With commits, pull requests, and issues all ingested, a query like "authentication bug user login" returns the bug report, the fix commits, and the PR that closed it.
Incremental updates
Re-ingestion deduplicates automatically. To add only recent commits:
gh api repos/{owner}/{repo}/commits \
--jq '.[] | select(.commit.author.date > "2026-01-01")' \
> recent_commits.json
# Convert to documents, then ingest the commits directory again
kg ingest directory project_history/commits \
--ontology "commits"
Tips
Metadata improves extraction. The structured header lines (Commit:, Author:, Date:) become searchable concepts. Enriching filenames helps too — abc1234-add-encryption-support.txt is more useful than abc1234.txt, because the filename itself is part of what the LLM sees.

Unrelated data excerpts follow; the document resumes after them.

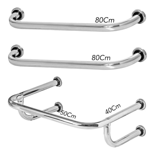Conteúdo da embalagem - 2 Barras de apoio para banheiro de 80Cm e 1 Barra de apoio para lavatório 50x40Cm.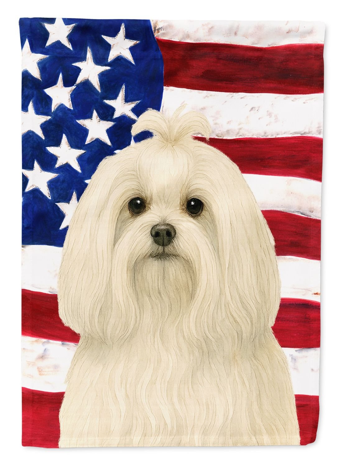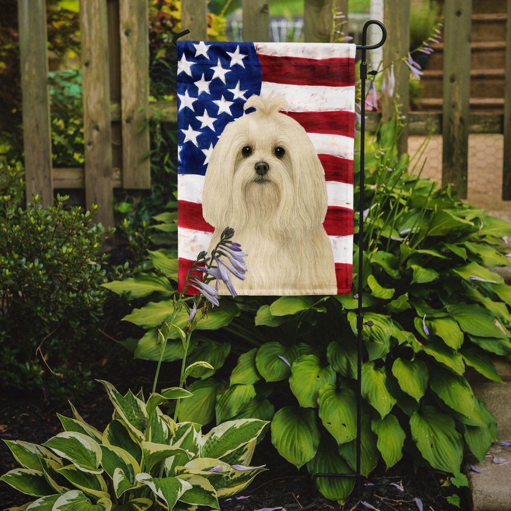 Garden Flag featuring breed specific Maltese artwork. Enhance the beauty of your garden, patio, or yard with Caroline's Treasures Decorative Garden Flag, proudly made in the USA. Crafted from two pieces of thick, double-sided polyester fabric, this 2-ply garden flag is designed to withstand various weather conditions, making it water-resistant and weatherproof. Featuring correctly readable words on both sides, this garden flag offers a delightful visual experience from any angle. With its heavier weight, it stands out among other garden flags, ensuring stability and durability even in wind, rain, and snow. Measuring approximately 11 1/4 inches by 15 1/2 inches, this flag allows you to personalize your outdoor decor. It comes with a 1 1/2-inch sleeve sewn in, allowing easy attachment to any standard garden flag stand or garden size porch hanger (sold separately). Make a statement in your outdoor space with Caroline's Treasures Decorative Garden Flag, a vibrant and high-quality flag that adds color and personality to your surroundings. Proudly made in the USA, it's a symbol of quality craftsmanship and attention to detail.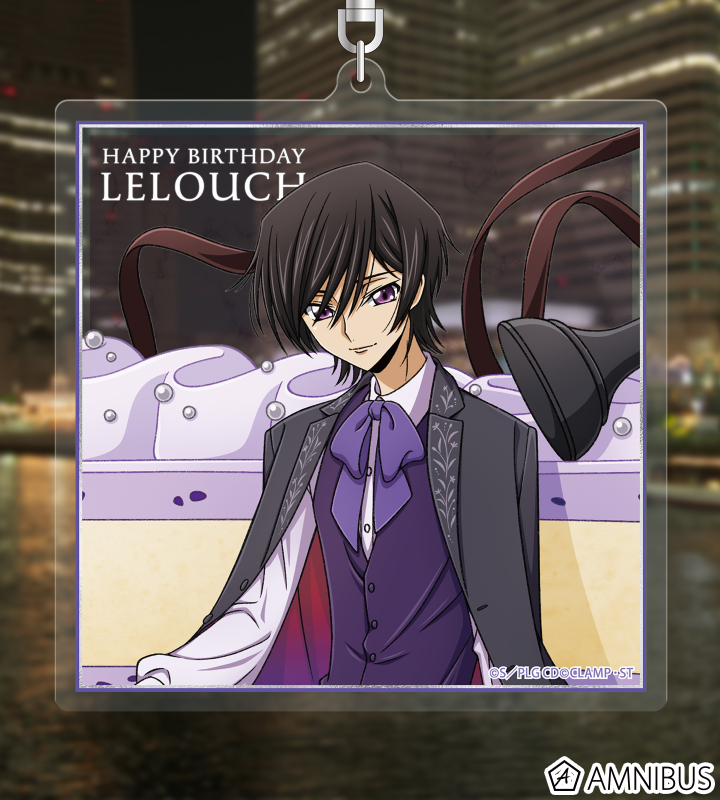 ルルーシュの描き下ろしイラスト、HAPPY BIRTHDAYの文字をBIGなアクリルキーホルダーに仕上げました。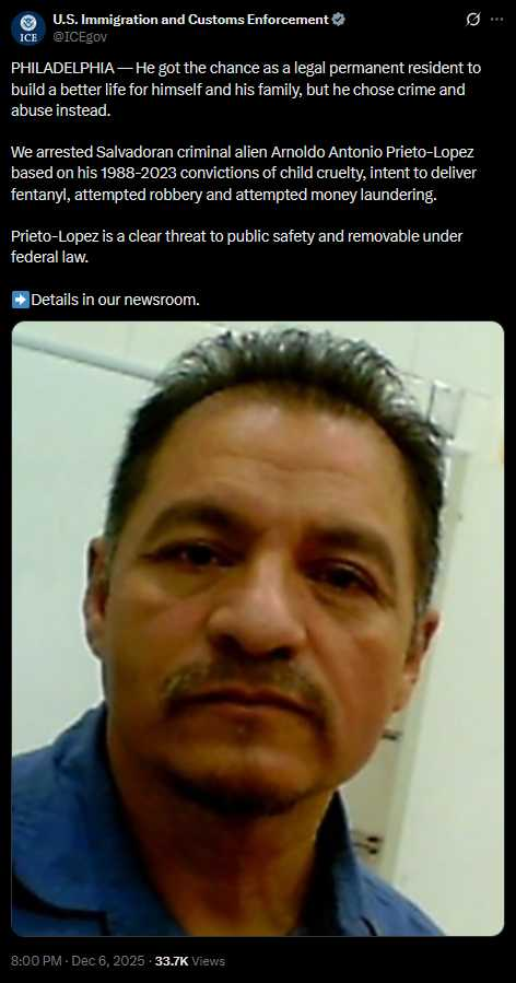"FILADELFIA — Como residente permanente legal, tuvo la oportunidad de construir una vida mejor para él y su familia, pero en su lugar optó por el crimen y el abuso.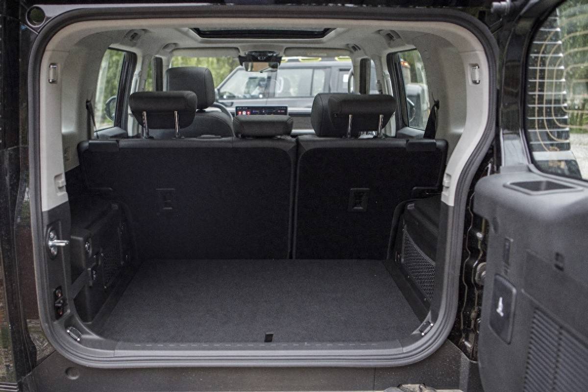 新车的后备厢十分规整,并且设有多处固定锚点及多处储物空间。尾门采用电吸式,上方储物槽可放置手机等小物品,内壁两侧可向下翻转出两个杯架,下方还可通过旋转对尾门进行锁止,为野外露营等场景带来更多拓展空间。此外,三角架也被隐藏在其中。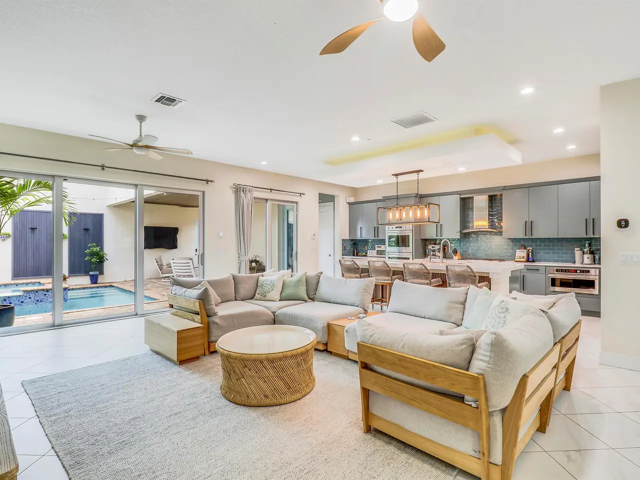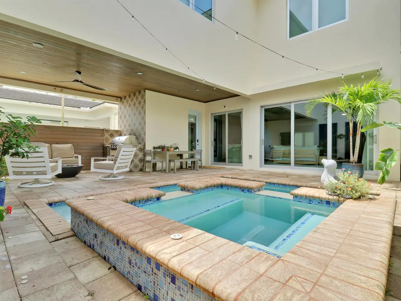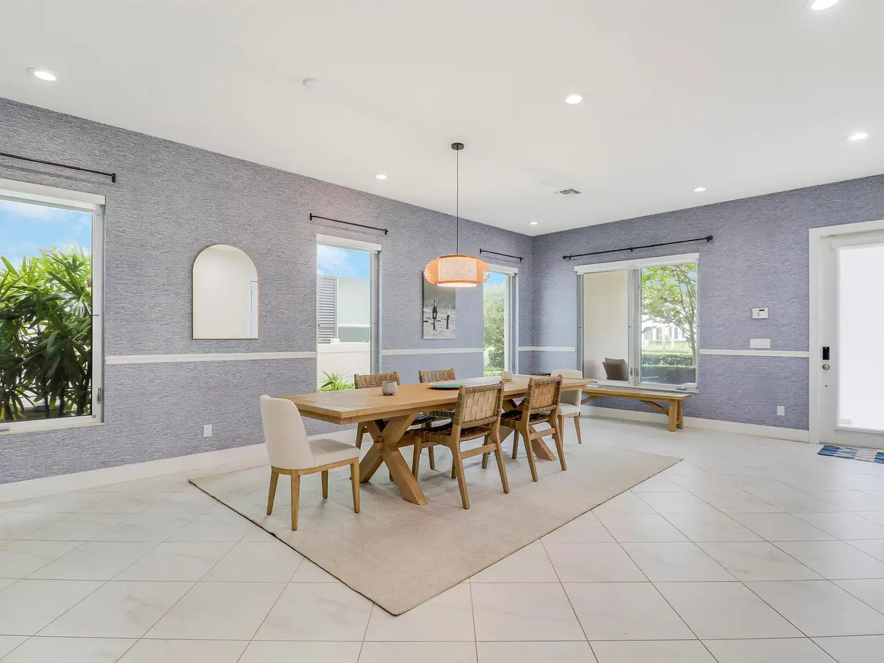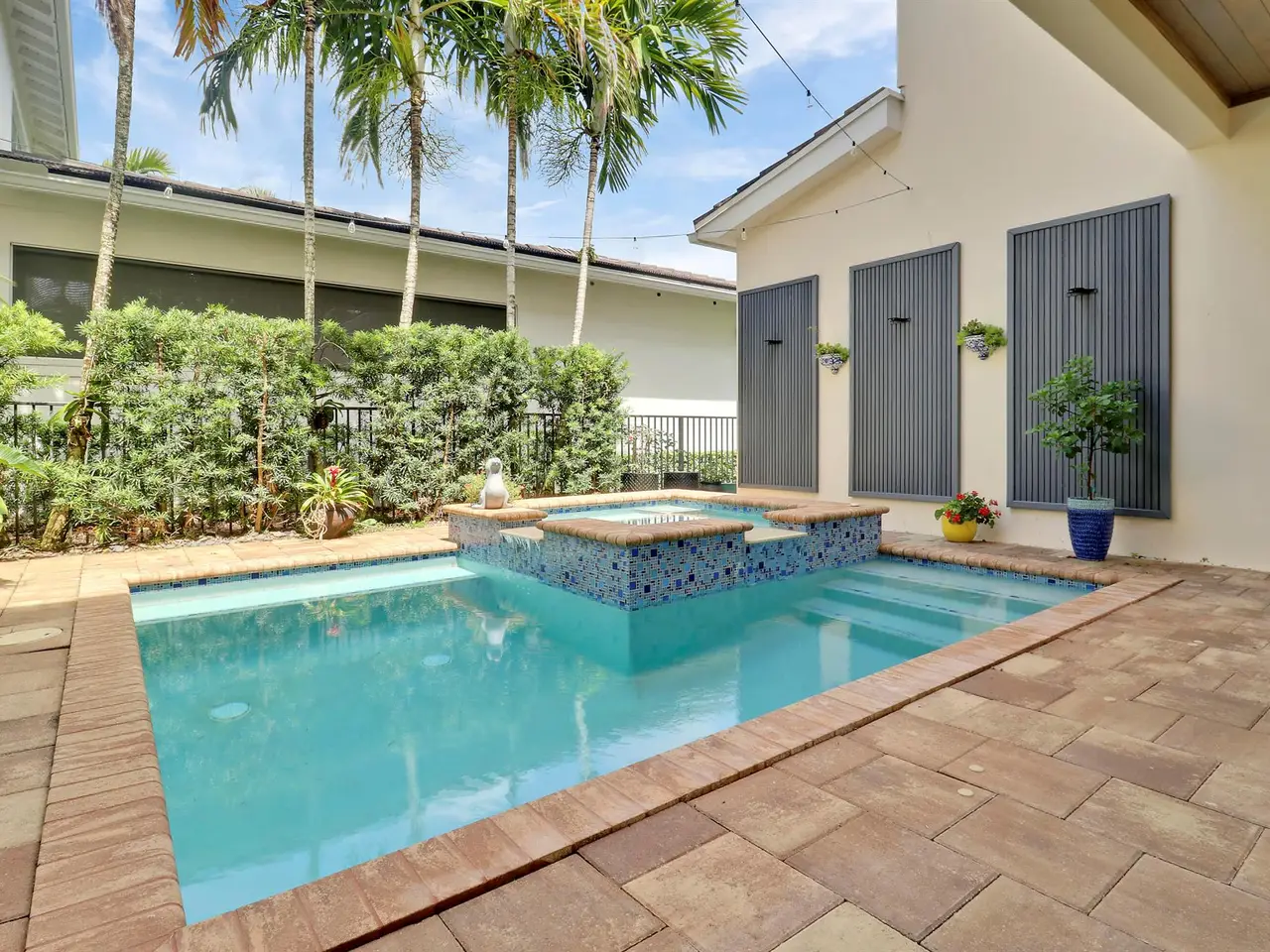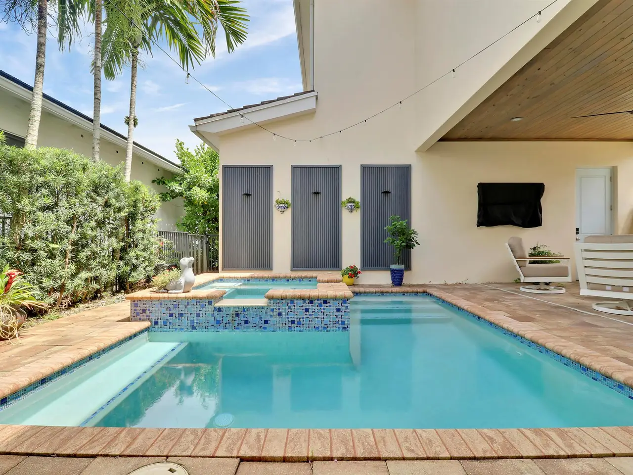 This stunning move-in ready home features porcelain floors downstairs, vinyl plank floors upstairs, custom wallpaper, designer paint, light fixtures, wood slat panels, and window treatments. The gourmet kitchen offers granite countertops, high-end appliances, and a built-in refrigerator. A stylish lounge with wet bar has replaced the downstairs office -- perfect for entertaining. Upstairs, the owner's suite includes two walk-in closets, a spa-style bathroom and a private balcony. There's also three additional bedrooms, plus a home gym and a 5th bedroom, currently used as an office. Enjoy a private outdoor oasis with pool, hot tub, and summer kitchen. A three-car garage offers ample storage, while security cameras and keypads provide peace of mind. Close to the I-95 and the Turnpike, 20 mins to PBI.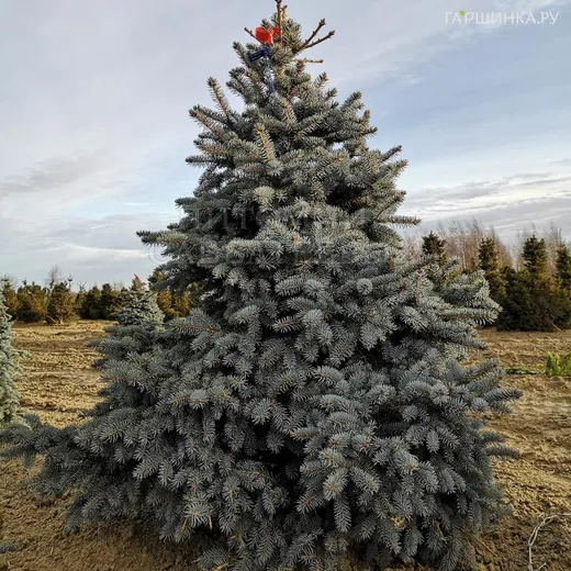 Ель колючая Блю Тринкет голубая - Довольно компактный сорт голубой ели. Средняя высота взрослого растения - около 6 метров, в оптимальных условиях может вырастать до 8 метров. Крона конусовидная, по мере роста становится более узкой. Средний диаметр кроны составляет около 4 метров. Ветви растут правильными плотными ярусами. Хвоя короткая, жесткая, колючая, серо-голубого цвета, матовая. Засухоустойчива, но лучше развивается на почвах с достаточной влажностью. Не выносит переувлажнения. Предпочитает суглинистые и супесчаные, хорошо увлажненные, дренированные почвы со слабокислой реакцией. Довольно высокая устойчивость в городских условиях.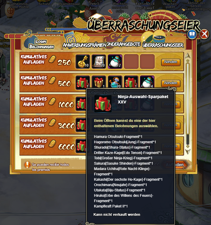 500Goldbarren: Ninja-Auswahl-Sparpaket XXV*1, Geheimrolle Unterstüzungspaket*1, Trainingstrank*20,2025 Neues Myoboku-Berg-Auswahlpaket (20)*1, Flasche der Wahrheit*4
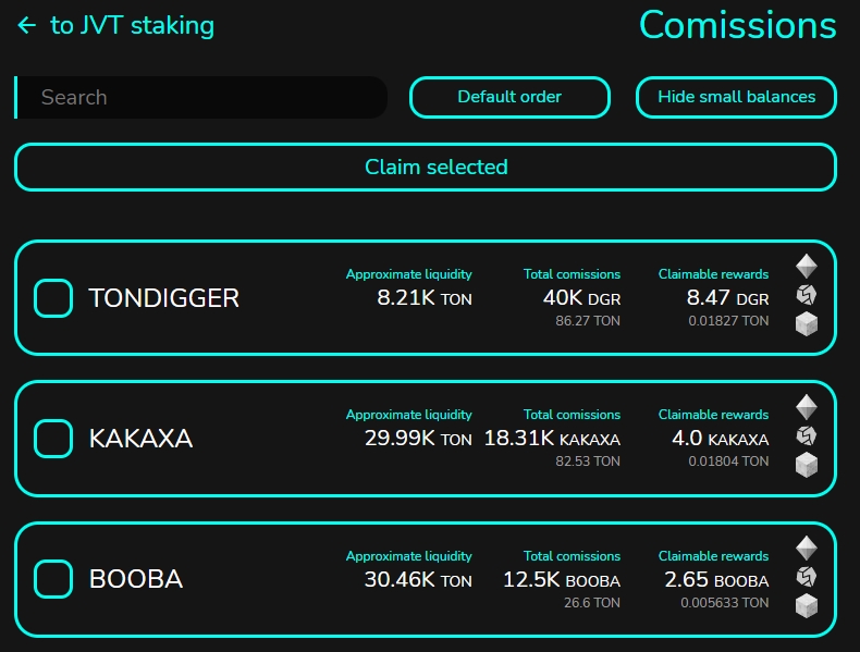 Все стейкеры JVT участвуют в распределении части комиссий платформы. Для получения своей доли от доходов сервиса необходимо нажать "Claim commissions", отметить все доступные вам токены, которые вы желаете получить, и затем подтвердить транзакцию в кошельке.

Large repositories. For repos with thousands of commits, extract a time-bounded slice first (select(.commit.author.date > "...")) or filter to a specific branch. Bot commits (version bumps, CI automation) add noise — filter them by author before converting.
Organize by component or time. Each directory becomes a separate ontology. Splitting by component (frontend_commits/, backend_commits/) or quarter (2025_q4_commits/) enables targeted queries scoped to one ontology while still traversing cross-ontology edges.